Later on, OpenAI and the community added variants like:

  • large-v2
  • large-v3
  • turbo

If you check out Whisper's model list on Hugging Face, you'll see there are 12 models available today:

ModelParametersVRAMNotes
tiny39M~1GBVery fast, lower accuracy
base74M~1GBGood for initial testing
small244M~2GBBalanced
medium769M~5GBHigher accuracy
large1550M~10GBHigh quality
turbo809M~6GBHeavily optimized fast variant
  • The .en suffix indicates English-only models, which are usually a bit faster and more accurate for English content.
    • small.en
    • medium.en
  • Models without the .en suffix are multilingual.

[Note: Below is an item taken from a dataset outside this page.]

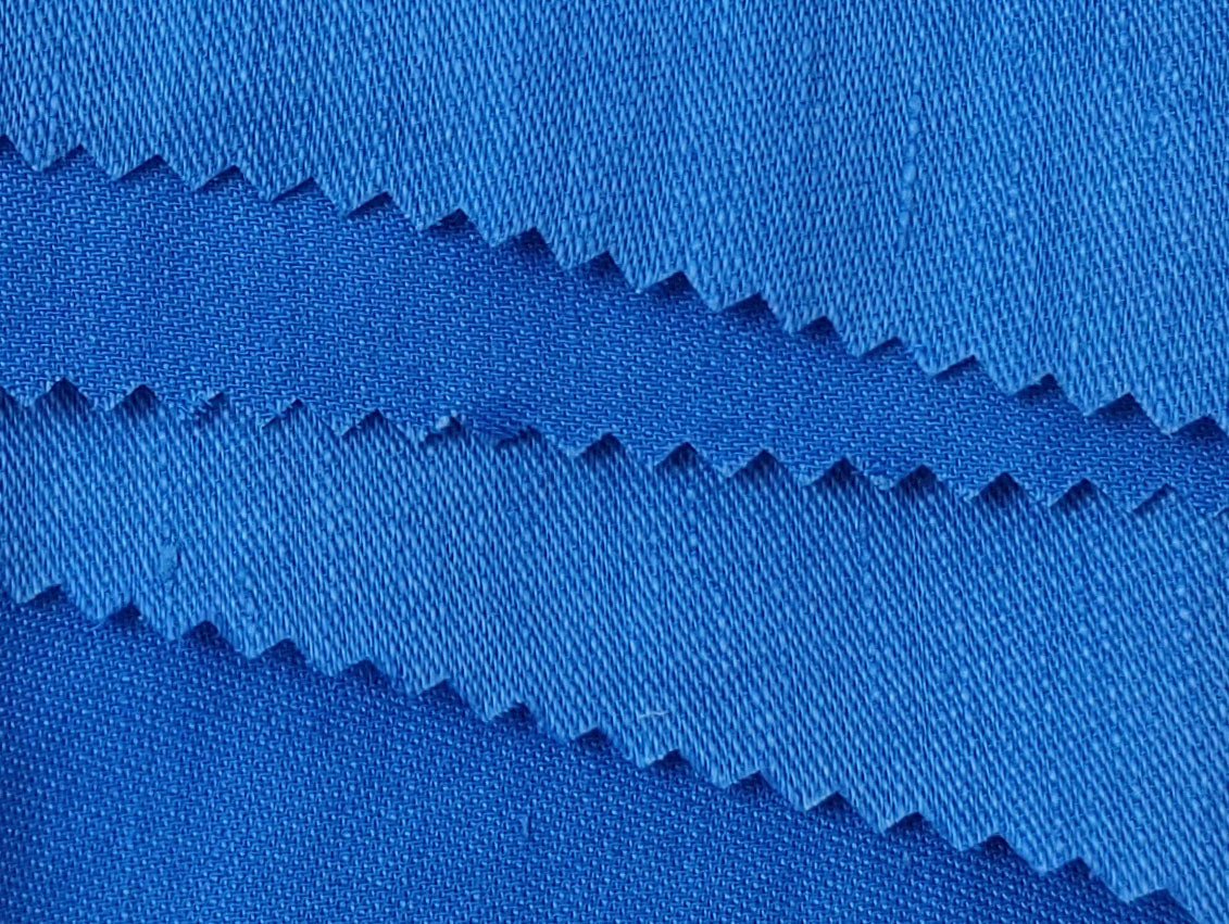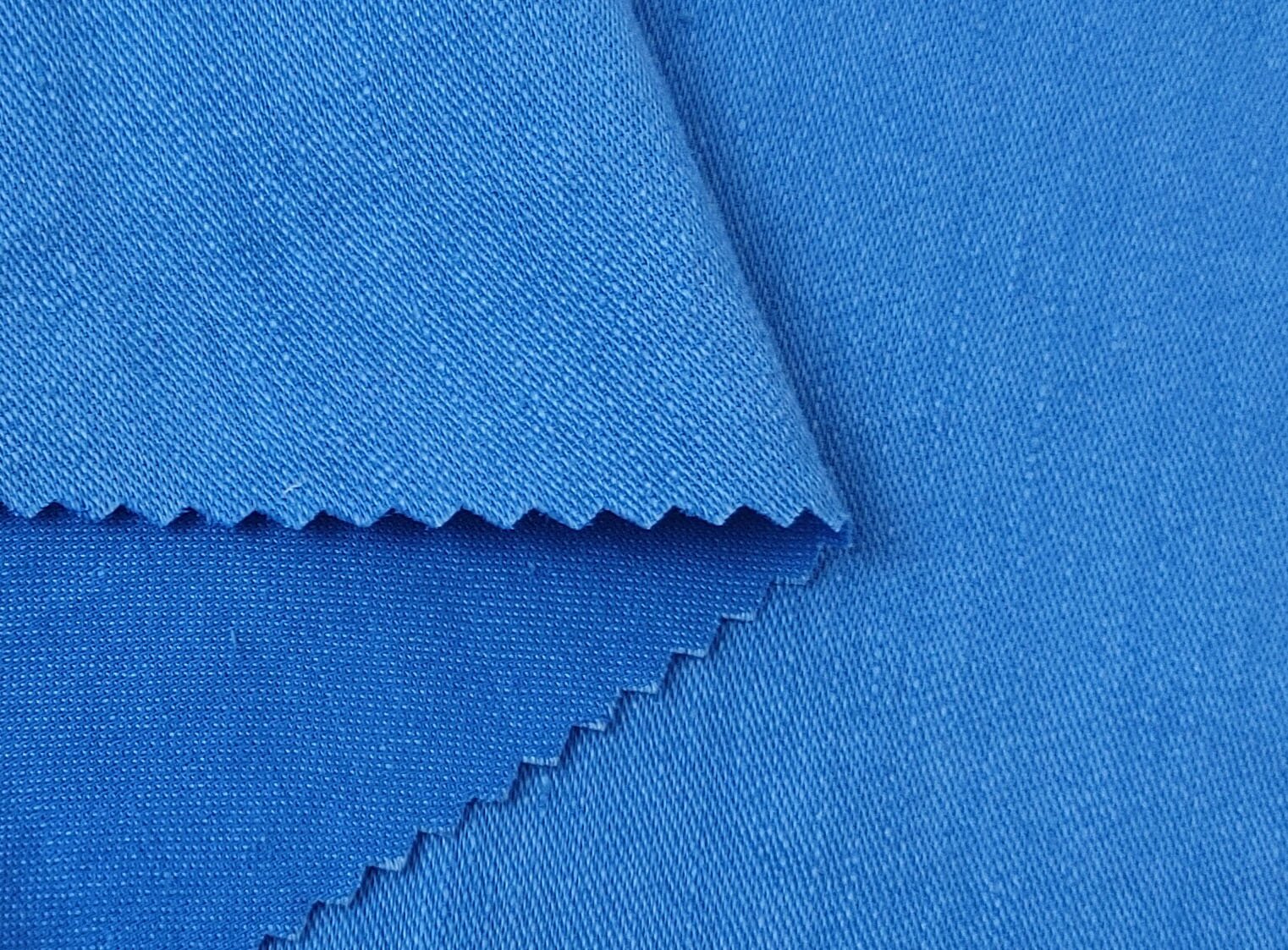Satin Elegance: Linen Rayon Fabric with Polished Satin Weave is a sophisticated choice for your creative projects. The fabric features a carefully crafted composition with a fine linen yarn (14s) for the warp and a rayon filament yarn with high twisting for the weft. This high-twisted filament yarn introduces a subtle natural stretch effect, enhancing the fabric's versatility.

I went with large-v3-turbo—the latest speed-optimized variant—which is more than enough for my machine.

The model weights download automatically the first time you run a command. On macOS, they're saved in ~/.cache/whisper.

Testing

whisper "test.mp4" \
--model large-v3-turbo \
--language en \
--task transcribe \
--output_format all \
--fp16 False \
--device cpu \
--output_dir .
  • test.mp4:
    • The input video file. Whisper automatically calls ffmpeg to extract the audio.
    • This means mp4, mov, mkv, mp3, and wav all work fine.
  • --model large-v3-turbo:
    • Specifies which model to use (it downloads automatically if you don't have it).
  • --language en:
    • Forces the recognition language to English.
    • If you leave this out, Whisper will try to auto-detect the language first.
  • --task transcribe:
    • Tells Whisper to transcribe the audio.
    • The other option is translate (which translates audio into English).
  • --output_format all:
    • Generates all output formats: txt, srt, vtt, tsv, and json.
    • You can also just specify a single format like srt.
  • --fp16 False:
    • On a macOS CPU, using FP16 doesn't necessarily speed things up, so I turned it off.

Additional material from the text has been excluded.